Personal information
- Full name: Graeme Garry Shinnie
- Date of birth: 4 August 1991 (age 34)
- Place of birth: Aberdeen, Scotland
- Height: 1.75 m (5 ft 9 in)
- Positions: Defensive midfielder; left-back;

Team information
- Current team: Inverness Caledonian Thistle

Youth career
- 2008–2010: Inverness Caledonian Thistle

Senior career*
- Years: Team / Apps / (Gls)
- 2009–2015: Inverness Caledonian Thistle / 156 / (6)
- 2010: → Forres Mechanics (loan)
- 2015–2019: Aberdeen / 144 / (8)
- 2019–2022: Derby County / 85 / (6)
- 2022–2023: Wigan Athletic / 29 / (0)
- 2023: → Aberdeen (loan) / 13 / (2)
- 2023–2026: Aberdeen / 105 / (2)
- 2026–: Inverness Caledonian Thistle / 0 / (0)

International career^{‡}
- 2012: Scotland U21 / 2 / (0)
- 2018–2019: Scotland / 6 / (0)

= Graeme Shinnie =

Scottish footballer (born 1991)

Graeme Garry Shinnie (born 4 August 1991) is a Scottish professional footballer who plays as a defensive midfielder or left back for Scottish Championship side, Inverness Caledonian Thistle.

He has previously played for Aberdeen, Forres Mechanics, Derby County and Wigan Athletic. Shinnie made six full international appearances for Scotland between May 2018 and March 2019.

== Career ==
=== Inverness Caledonian Thistle ===
Shinnie started his career playing for Dyce Boys Club, a boy's club in Aberdeen, alongside brother Andrew. He joined Inverness Caledonian Thistle in July 2009, at the age of 17. He made his senior debut for them in the Scottish League Cup on 1 August 2009, before making his League debut on 26 September 2009.

Shinnie went on loan to Forres Mechanics in the Scottish Highland Football League in February 2010. His loan spell was extended until the end of the season. Shinnie was offered a contract extension by Inverness on 30 November 2010, agreeing a 3-year deal on 13 December 2010. He suffered an intestinal problem that stopped him from playing between January and August 2011.
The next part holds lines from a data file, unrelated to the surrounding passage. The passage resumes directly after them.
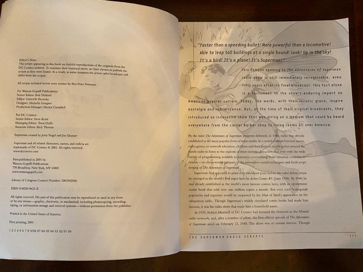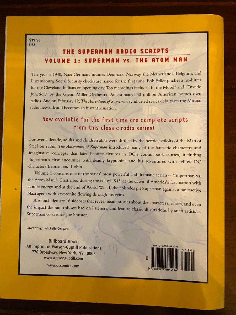 “The Superman Radio Scripts”, Volume I: Superman vs. The Atom Man. compiled and edited by DC Comics, 204 pages, cr 2001
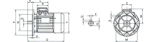 1.Y2系列電動機機座外輪廓呈四方形兼圓形,散熱片呈垂直,水平平行分布,全部采用鑄鐵結(jié)構(gòu)。另外H63~112還兼有鋁合金壓鑄結(jié)構(gòu)。
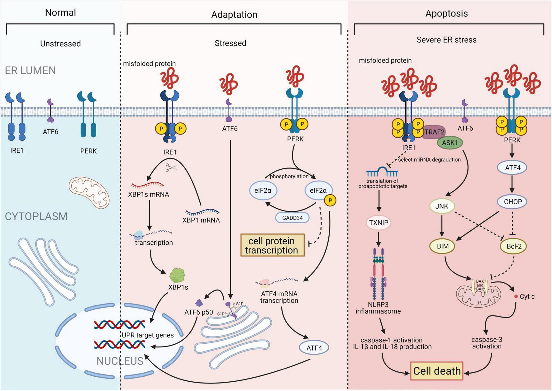 Three major states of endoplasmic reticulum stress (ERS): unstressed, stressed, and severe ERS. In the absence of stress, PKR-like ER kinase (PERK), activating transcription factor 6 (ATF6), and inositol-requiring enzyme 1 (IRE1) are maintained in an inactive state. Upon activation, the IRE1 endoribonuclease domain specifically recognizes and cleaves a 26-base fragment from the X-box binding protein 1 (XBP1) mRNA transcript, resulting in XBP1s. PERK phosphorylates the alpha subunit of eukaryotic translation initiation factor 2 (eIF2α), that leads to a downregulation of overall mRNA translation, which reduces the accumulation of unfolded proteins. Phosphorylation of eIF2α also induces the translation of ATF4. ATF6 will be cleaved by two Golgi resident proteases to release its N-terminal transcriptionally active 50-kDa fragment. Thereafter, the 50-kDa N-terminus protein will translocate into the nucleus to activate transcription. Finally, after activation of ATF6, IRE1, and PERK, the unfolded protein response (UPR) is constitutively activated. Under severe ERS, IRE1 forms a complex with tumor necrosis factor receptor-associated factor 2 (TRAF2) and apoptosis signal-regulating kinase 1 (ASK1) to activate c-Jun N-terminal kinase (JNK) and the caspase family. This process activates the NACHT, LRR, and PYD domain-containing protein 3 (NLRP3) inflammasome. ATF4 and C/EBP homologous protein (CHOP) synergistically induce the expression of multiple genes involved in apoptosis, autophagy, and antioxidant responses, which all lead to cell death. Figures were created using BioRender.com.
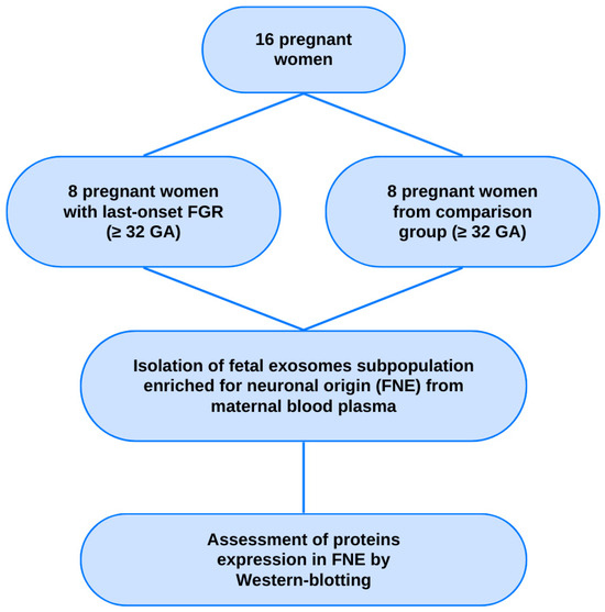 The study included pregnant women under maternal care at the Federal State Budget Institution “National Medical Research Center for Obstetrics, Gynecology and Perinatology named after Academician V.I. Kulakov” of the Ministry of Health of the Russian Federation. Pregnant patients with late-onset FGR (n = 8; ≥32 weeks of gestation) using the Delphi procedure were selected for the pilot study [12]. The comparison group comprised pregnant women at similar terms of gestation (n = 8; ≥32 weeks of pregnancy) with uncomplicated pregnancy and no signs of any disorders in the fetuses according to the routine antenatal tests (Figure 6).

In the 2011–12 season, Graeme's brother Andrew joined Inverness on a free transfer from Rangers. Shinnie scored his first goal of his Inverness career on 27 August 2011 in a 2–1 win over Kilmarnock and after the match, manager Terry Butcher expressed delight for Shinnie on his first goal. Following a 3–1 loss against Dundee United on 17 September 2011, captain Richie Foran spoken out about Shinnie, stating he was worthy of pass marks. After two-months spell out for the side, Shinnie made his return in a 2–1 loss against Rangers on 17 December 2011. Despite the performance, Butcher praised the returning Shinnie and Lee Cox. In December 2012, Shinnie signed a new contract extension, keeping him until 2015, having vowed to remain at the club.

In the 2014 Scottish League Cup Final, Shinnie played throughout the match until it went to a penalty shoot-out, won by opponents Aberdeen. He was selected in the 2013–14 Premiership PFA Scotland Team of the Year. In April 2015, Shinnie helped Inverness to reach the Scottish Cup Final; Caley went on to win the trophy, beating Falkirk 2–1 on 30 May 2015, with Shinnie lifting the trophy as captain in his last game for the club.

=== Aberdeen ===
In January 2015 it was announced that Shinnie had signed a three-year contract with Aberdeen, despite interest from Football League Championship clubs, and would join the club when the summer transfer window opened in June 2015. He made his competitive debut for Aberdeen on 2 July 2015, against FK Shkëndija in the first qualifying round of the Europa League. He scored his first goal for Aberdeen on 9 August 2015, in a 2–0 league win against Kilmarnock.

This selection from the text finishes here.